In the Netherlands student teachers of thirty-four teacher education colleges now use MILE. The first experiences show that discourse among the student teachers about the practical knowledge they acquire in MILE is essential. Up to now this discourse is limited to fellow student teachers from the same college. A European MILE will bring about an extra dimension. Student teachers will discuss mathematics education with students from different countries with different educational systems, different cultures and different teacher education programs. We assume that the discussion will therefore also cover many elements of mathematics teaching the students now take for granted.

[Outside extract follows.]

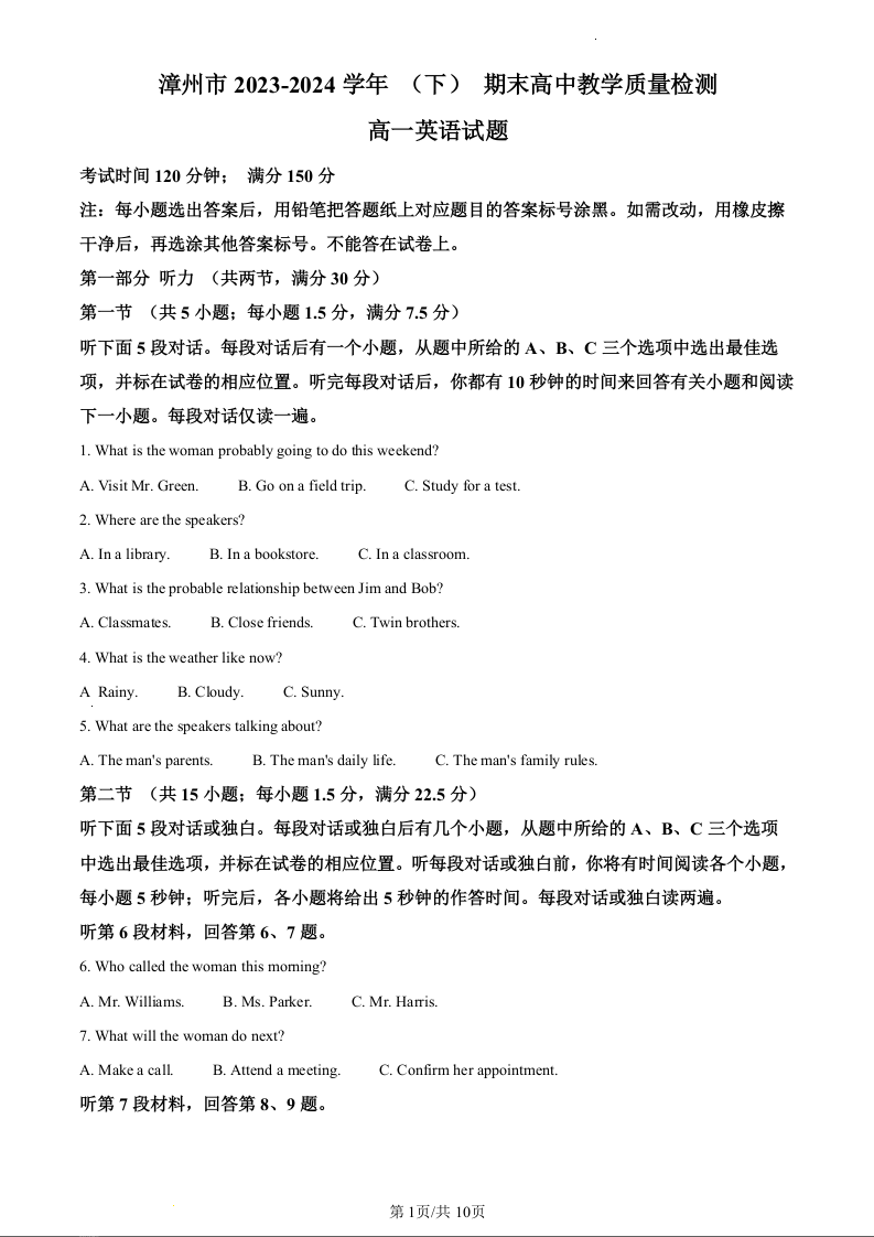 福建省漳州市2023-2024学年高一下学期期末教学质量检测英语(原卷版)

Next spring, the Freudenthal Institute will host the European Meeting, hopefully sponsored by the European Committee. At this meeting the possibilities will be discussed of the development of a national learning environment in each of the participating countries and the possibilities of the development of a European network for joint investigations by students and educators from the different European countries
At this moment three European Colleges for Teacher Education and the Freudenthal Institute work together in a Digital European Teacher Education Network (DETEN). The three colleges are connected to the University of Northumbria (United Kingdom), the University of Oulu (Finland) and the Hogeschool of Drenthe (The Netherlands). DETEN promotes the design of a digital European school, in the form a video database of lessons in classrooms, conversations with children, teachers, parents, school teams and experts, pictures of student work, textbooks, manuals, et cetera. Especially DETEN promotes the development of the English and Finnish contribution to the digital European school and an adaptation of the Dutch learning environment for use in the participating teacher education institutes.
Dolk, M. W. Faes, F. Goffree, H. Hermsen & W. Oonk (1996), "A Multimedia Interactive Learning Environment for (Future) Primary School Teachers with Content for Primary mathematics Teachers Education Programs." Utrecht: Freudenthal Institute.
Goffree, F & W. Oonk (1998), "A Digital Representation of Full Practice in Teacher Education. The MILE Project." In K. Krainer and F. Goffree (eds), On Research in Teacher Education. From a study of teaching practices to issues in teacher education. Osnabrück: Forschungsinstitut für Mathematikdidaktik, pp. 187-200.
Goffree, F. & W. Oonk (1999), "When real teaching practice can be (digitally) represented in Colleges of Education: The MILE project." Paper presented at 1999 International Conference on Mathematics Teacher Education in Taipei, Taiwan.